Material provided:
_ _ _
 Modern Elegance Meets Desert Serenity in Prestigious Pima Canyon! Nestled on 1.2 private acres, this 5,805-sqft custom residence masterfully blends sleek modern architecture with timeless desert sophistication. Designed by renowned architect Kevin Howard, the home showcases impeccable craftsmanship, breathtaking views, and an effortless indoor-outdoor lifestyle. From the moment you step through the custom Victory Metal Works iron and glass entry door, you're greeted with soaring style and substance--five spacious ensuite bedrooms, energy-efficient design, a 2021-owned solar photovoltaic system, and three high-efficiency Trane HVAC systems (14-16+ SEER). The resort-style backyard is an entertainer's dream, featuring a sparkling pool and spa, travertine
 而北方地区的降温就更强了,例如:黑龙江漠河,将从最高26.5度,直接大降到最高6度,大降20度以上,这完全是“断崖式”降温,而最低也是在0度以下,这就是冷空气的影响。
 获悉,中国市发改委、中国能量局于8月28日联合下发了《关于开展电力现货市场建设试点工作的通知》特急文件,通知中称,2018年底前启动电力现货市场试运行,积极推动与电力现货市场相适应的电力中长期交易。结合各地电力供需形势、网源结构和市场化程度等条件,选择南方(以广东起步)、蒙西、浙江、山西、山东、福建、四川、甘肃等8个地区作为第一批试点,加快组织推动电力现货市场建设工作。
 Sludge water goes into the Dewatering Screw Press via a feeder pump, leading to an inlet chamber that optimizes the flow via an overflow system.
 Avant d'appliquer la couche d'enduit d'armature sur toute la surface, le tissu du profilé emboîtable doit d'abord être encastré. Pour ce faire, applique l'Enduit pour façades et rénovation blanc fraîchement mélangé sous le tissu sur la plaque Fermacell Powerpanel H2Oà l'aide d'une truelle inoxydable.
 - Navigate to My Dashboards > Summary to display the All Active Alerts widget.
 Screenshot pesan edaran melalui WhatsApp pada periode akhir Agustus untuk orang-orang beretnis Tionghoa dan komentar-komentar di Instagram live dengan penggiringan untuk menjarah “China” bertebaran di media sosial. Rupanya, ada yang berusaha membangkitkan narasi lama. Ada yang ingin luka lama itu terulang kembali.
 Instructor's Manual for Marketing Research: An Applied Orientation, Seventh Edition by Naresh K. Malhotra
_ _ _
Set down each line from the line containing "- Navigate to" through the final line of the data, exactly and with nothing added.

 - Navigate to My Dashboards > Summary to display the All Active Alerts widget.
 Screenshot pesan edaran melalui WhatsApp pada periode akhir Agustus untuk orang-orang beretnis Tionghoa dan komentar-komentar di Instagram live dengan penggiringan untuk menjarah “China” bertebaran di media sosial. Rupanya, ada yang berusaha membangkitkan narasi lama. Ada yang ingin luka lama itu terulang kembali.
 Instructor's Manual for Marketing Research: An Applied Orientation, Seventh Edition by Naresh K. Malhotra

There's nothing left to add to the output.